I didn’t expect much from the last film in the Harry Potter saga (divided into two parts, one released in 2010 and the other in 2011) for various reasons. Two, above all:
- the seventh book by J.K. Rowling is probably the worst of the series with a really tedious first part that leads nowhere (see a review on Sifa Elizabeth reads);
- David Yates didn’t impress me as a director in the two films he had previously worked on.
Perhaps this is why I was pleasantly surprised by Harry Potter and the Deathly Hallows which I found to be a worthy closure of the young and scarred wizard’s film saga. The first part is decent, given that the first part of the book is actually hard to digest (or at least so I thought when I read it more than ten years ago). The story of Harry, Hermione and Ron lost in the woods barely has any rhythm at all and the lack of the school classes, exams, and professors really hurts the movie. It’s better to get over it in two hours of film than in six or seven hours of reading!
And the second part/film delivers a glorious and memorable battle of Hogwarts, with a lot of time dedicated to the most important confrontation, the one between Voldemort and Harry. The special effects are great, the epic tones are appropriate, and the cinematography is as usual too dark. Also, the animated sequence of the tale of the gifts of death is incredibly beautiful! That being said, there are a few aspects that, as a lover of Harry’s books, I didn’t like very much. I admit that in many cases Yates managed to remain faithful to the book, for example with the almost casual treatment of the death of Lupin and Tonks, two characters that I adored but to whom even the book devotes little space. On the other hand, the slaughter of the entire generation of Harry’s parents comes across as inevitable: think of Sirius Black, of Lupin, but also of Peter Pettigrew, of course James and Lily, and the heroic Severus Snape (well, even Bellatrix Lestrange if you want!). It’s a pity that this part of the story, perhaps the one that fascinated me the most when reading the books (also due to the my age being close to that of those characters), wasn’t developed very well in the films which, for obvious reasons of time, focused on Harry and his young friends.
But, above all, the thing I liked the least about Harry Potter and the Deathly Hallows is how Albus Dumbledore was ignored. In fact, what surprised me the most when reading the book is how much Dumbledore was present despite his death at the end of Harry Potter and the Half-Blood Prince. His personal story is greatly developed in the book, while in the film there’s barely any mention of it. What a wasted opportunity! And as a collateral victim of this choice here’s Severus Snape who emerges as a true hero in the seventh book but who in the film lives only a brief moment of redemption that doesn’t do justice to what is perhaps the most complex character of the whole saga. All his actions of the last seven years should be re-evaluated in light of the great revelation of his loyalty to Dumbledore and, therefore, to Harry. I don’t know if this message is adequately conveyed by the movie…

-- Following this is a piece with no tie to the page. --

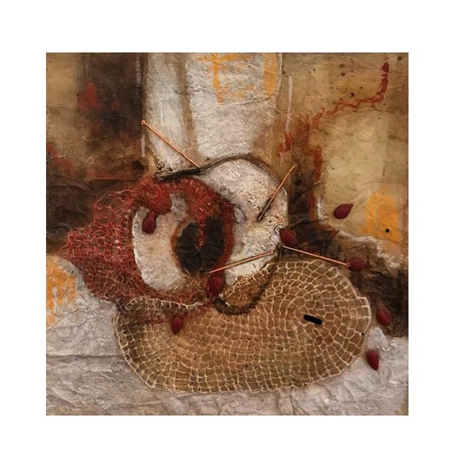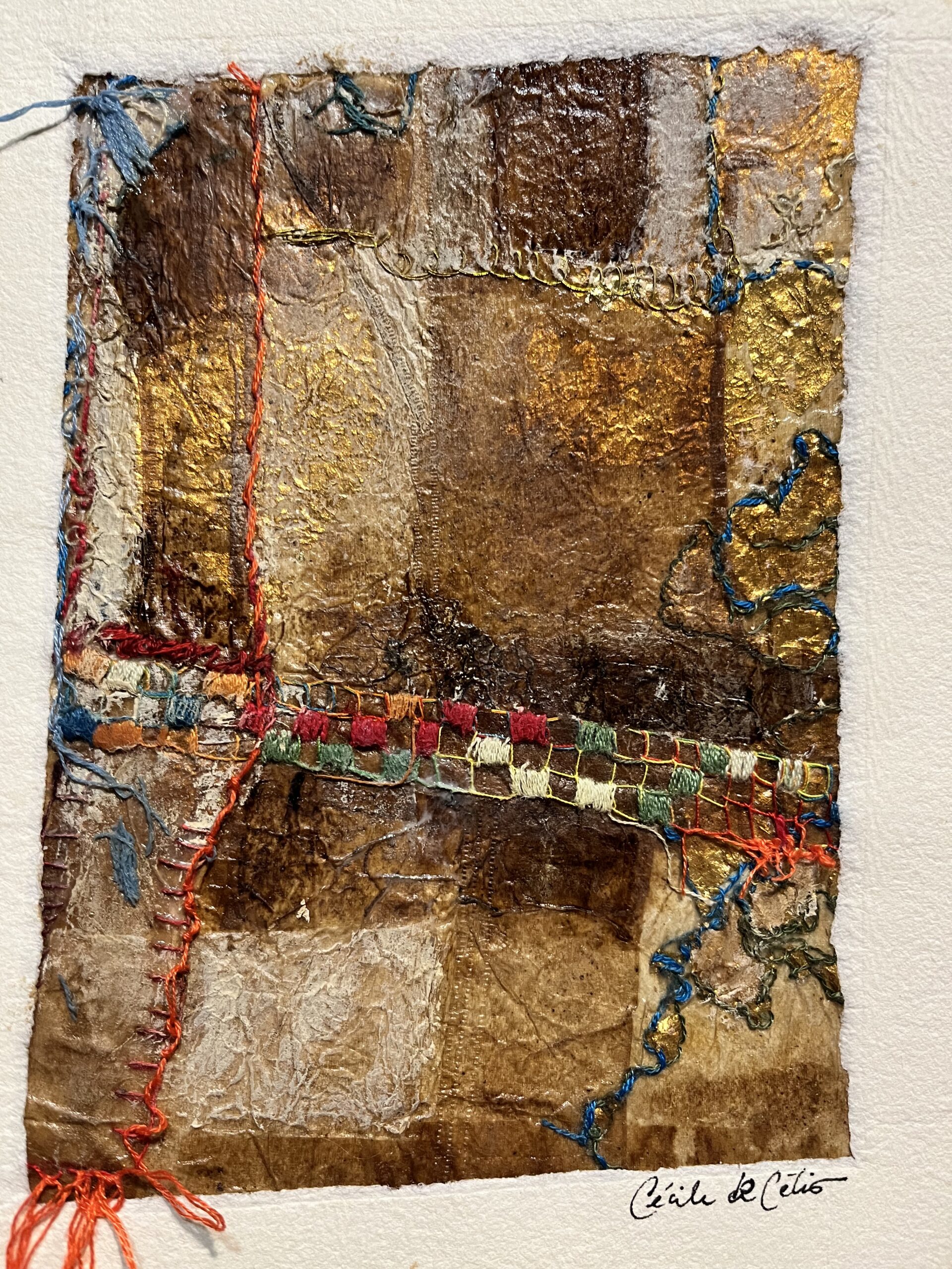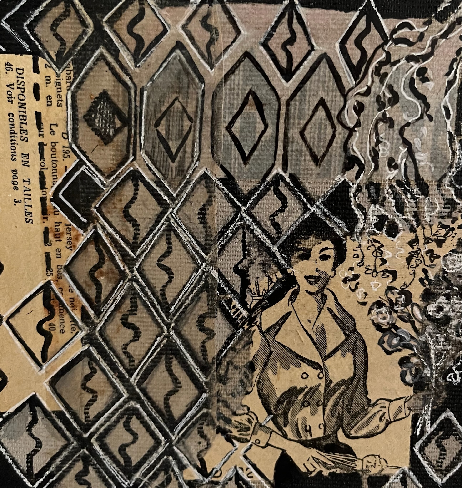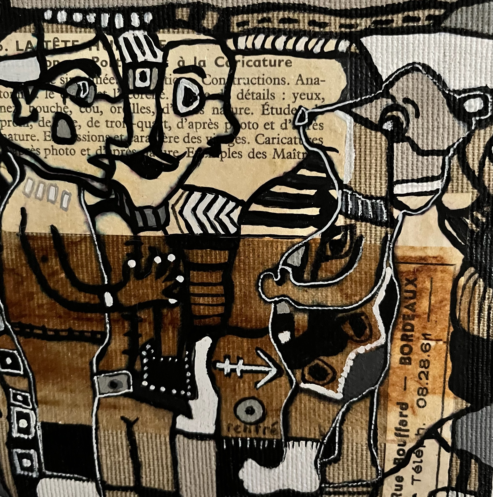 collage et encre sur toile marouflé sur carton 13 x 13 cm

I realize that my criticisms are linked to the (for me inevitable) comparison between the book and the film. If I forget the book for a moment, I can say that both parts of the film work (although the first one is slower and has little sense of direction) as an epic end of the saga. All the actors demonstrate an incredible chemistry built with years of friendship and joint work that clearly show on screen. And, like the Harry Potter and the Order of the Phoenix finale, this ending is also great: it’s dynamic, well filmed, fun, tragic… In short, it closes an adventure that lasted for many years and that, if binge-watched, sum to almost twenty hours of film!
And what do I think about the whole saga? The first film is a beautiful fairy tale for children where the goal is pure fun. Columbus worked well and succeeded in creating a unique and unforgettable world, then developed considerably in subsequent films, including his second one which already took on a more serious tone. Cuarón with his prisoner of Azkaban probably gave us the best film of all. The decline started with Newell’s goblet of fire and, above all, with Yates’ works: the order of the phoenix, the half-blood prince and the deathly hallows, with the latter a step above the previous two. But beyond my thoughts on the individual films, this saga is truly significant in the recent history of cinema. First of all, it’s a European saga in a market normally dominated by big Hollywood productions. Then, at least two good actors came out of it, Emma Watson and Daniel Radcliffe, who are also making brave choices in terms of independent films that they decide to participate in (on the other hand, poor Rupert Grint has only managed to work on some low-level comedies so far). And what about John Williams’ music, so beautiful and easily recognizable? The same goes for Hogwarts, whose profile is certainly at the level of Peter Jackson’s tower of Sauron: it’s unique.
I am also pleased that, at least for now, there has been some respect towards this material which has managed to avoid remakes and reboots which seems to be the trend nowadays.
In short, I truly appreciate the Harry Potter films, I like rewatching them, I’m happy with my box containing them all on DVD (sooner or later I will upgrade it to Bluray, I know) and certainly recommend watching them (but if you haven’t read the books, please start from those, they are much better!). Ciao!